THE WELFARE AND INCENTIVE EFFECTS OF JOB DISPLACEMENT INSURANCE

OUR AIMS

Labour markets in low-income countries face a pressing policy question: what are the welfare and employment impacts of expanding job-displacement insurance? 

This is because:

  • job loss is common and workers do not seem to fully insured against it (Meyer et al. 2021; Gerard & Naritomi 2021),
  • expanding insurance can help address job search barriers and improve the allocation of talent (Abebe et al. 2021), 
  • expanding insurance can increase demand for labour market formality.

There is limited empirical evidence on the design of job-displacement insurance in low-income countries because mass lay-off events are hard to anticipate and difficult to study. There are no experimental papers that evaluate the impacts of offering different forms of support to workers who lose their job. This remains an open question of substantial policy interest both in Ethiopia and other low-income countries (Gerard, Imbert and Orkin 2020). This project implements an experiment to study the welfare and labour market impacts of expanding job-displacement insurance in Ethiopia. 

Policy implications 

The recent economic and social shock caused by the COVID-19 epidemic has emphasized the need to strengthen social protection and insurance for workers in low-income economies and has highlighted the evidence gap documenting promising strategies for expanding displacement insurance (Gerard, Imbert, Orkin, 2020). Moreover, the “unconditional” income support scheme that we will evaluate is a promising policy for LMICs (Gerard and Naritomi, 2021), but it has never been implemented in practice. 

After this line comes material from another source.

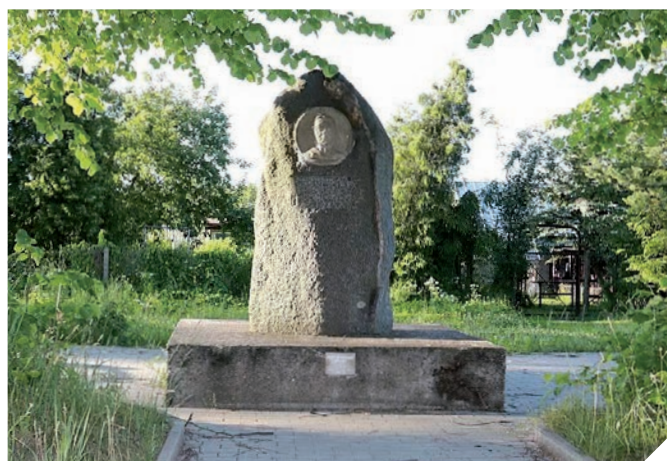
Dewischeit Denkmal in Lötzen

Im Jahr 1915 stifteten Lötzenser Fischer dem Dichter ein Denkmal in Lötzen für die Propagierung der nationalen und kulturellen Identität der Masuren. Fischer, die vom Fischen auf dem Mauersee zurückkehrten und am Denkmal vorbeikamen, zogen vor ihm die Mützen, da sie es als Symbol der Erinnerung an jene behandelten, die nicht vom Fischfang zurückgekommen waren. Das Denkmal Dewischeits wurde durch die Stadt Lötzen im Jahr 1987 grundlegend renoviert und befindet sich seit dieser Zeit unter der Obhut der Selbstverwaltung.

Expanding job-displacement insurance in low- and middle-income countries (LMICs) is a policy priority. First, structural transformation in these countries often generates new jobs that are formal but quite unstable. Understanding how to protect workers in these new jobs is thus increasingly important. Second, jobseekers often misallocate their talents and skills due to liquidity constraints (Abebe et al., 2021). Insurance provision can support displaced workers in the search for better matches for their talents and skills. Third, governments in LMICs are keen to promote formal employment. Job-displacement insurance is a key benefit of formal employment and can thus be an important lever to attract workers to the formal sector (Bosch and Esteban-Pretel, 2015; Cirelli, Espino and Sánchez, 2021).

ABOUT THE PROJECT

Ethiopia lost preferential access to the US market in early 2022 due to the ongoing conflict in the north of the country. This hit exporting firms in the garment sector hard and led to mass-layoffs of garment workers. The project is set in Hawassa Industrial Park, Ethiopia, where many firms had to resort to mass lay-offs as demand for their good plummeted. Researchers sampled 1410 young women who were laid off by a ready-made garment manufacturer in August 2022 

The researchers evaluate the impacts of offering to the laid-off group:

  • an “income support” scheme which pays 60 percent of the worker’s wage for 5 months, irrespective of employment status;
  • a single lump-sum payment of the same present value as the income support scheme.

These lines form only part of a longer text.